Em 2003, sob a pressão neoliberal, a Islândia privatizou o seu sistema
bancário, até então estatal. Como lhes conviesse, os grandes bancos
norte-americanos e ingleses, que já operavam no mercado derivativo, na
espiral das subprimes, transformaram Reykjavik em um grande centro
financeiro internacional e uma das maiores vítimas do neoliberalismo.
Com apenas 320.000 habitantes, a ilha se tornou um cômodo paraíso fiscal
para os grandes bancos.
Instituições como o Lehman Brothers usavam o crédito internacional do
país a fim de atrair investimentos europeus, sobretudo britânicos. Esse
dinheiro era aplicado na ciranda financeira, comandada pelos bancos
norte-americanos. A quebra do Lehman Brothers expôs a Islândia que
assumiu, assim, dívida superior a dez vezes o seu produto interno bruto.
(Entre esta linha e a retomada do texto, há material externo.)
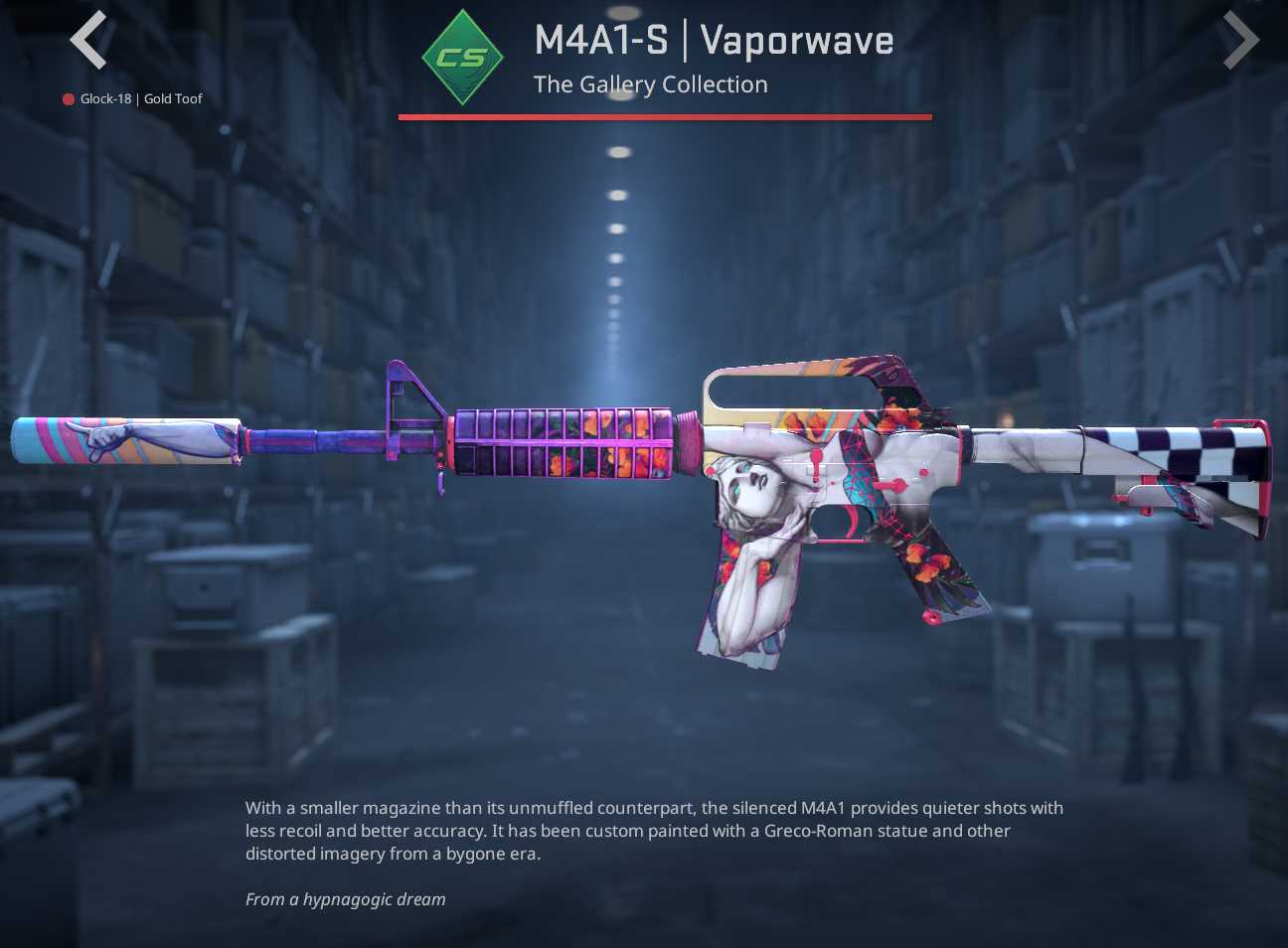 The Gallery Case’s covert tier includes two skins, with the M4A1-S Vaporwave stealing the spotlight. This rifle skin features vivid shades of pink, purple, and teal, blending street and pop art into a striking, abstract aesthetic. Its highlight is artist, Blazer’s creative take on Michelangelo’s marble sculpture.

O governo foi obrigado a reestatizar os seus três bancos, cujos
executivos foram processados e alguns condenados à prisão.
A fim de fazer frente ao imenso débito, o governo decidiu que cada um
dos islandeses – de todas as idades - pagaria 130 euros mensais durante
15 anos. O povo exigiu um referendum e, com 93% dos votos, decidiu não
pagar dívida que era responsabilidade do sistema financeiro
internacional, a partir de Wall Street e da City de Londres.
A dívida externa do país, construída pela irresponsabilidade dos bancos
associados às maiores instituições financeiras mundiais, levou a nação à
insolvência e os islandeses ao desespero. A crise se tornou política,
com a decisão de seu povo de mudar tudo. Uma assembléia popular, reunida
espontaneamente, decidiu eleger corpo constituinte de 25 cidadãos, que
não tivessem qualquer atividade partidária, a fim de redigir a Carta
Constitucional do país. Para candidatar-se ao corpo legislativo bastava a
indicação de 30 pessoas. Houve 500 candidatos. Os escolhidos ouviram a
população adulta, que se manifestou via internet, com sugestões para o
texto. O governo encampou a iniciativa e oficializou a comissão, ao
submeter o documento ao referendum realizado ontem.
Ao ser aprovado ontem, por mais de dois terços da população, o texto constitucional deverá ser ratificado pelo Parlamento.
Embora a Islândia seja uma nação pequena, distante da Europa e da
América, e com a economia dependente dos mercados externos (exporta
peixes, principalmente o bacalhau), seu exemplo pode servir aos outros
povos, sufocados pela irracionalidade da ditadura financeira.
Durante estes poucos anos, nos quais os islandeses resistiram contra o
acosso dos grandes bancos internacionais, os meios de comunicação
internacional fizeram conveniente silêncio sobre o que vem ocorrendo em
Reykjavik. É eloqüente sinal de que os islandeses podem estar abrindo
caminho a uma pacífica revolução mundial dos povos.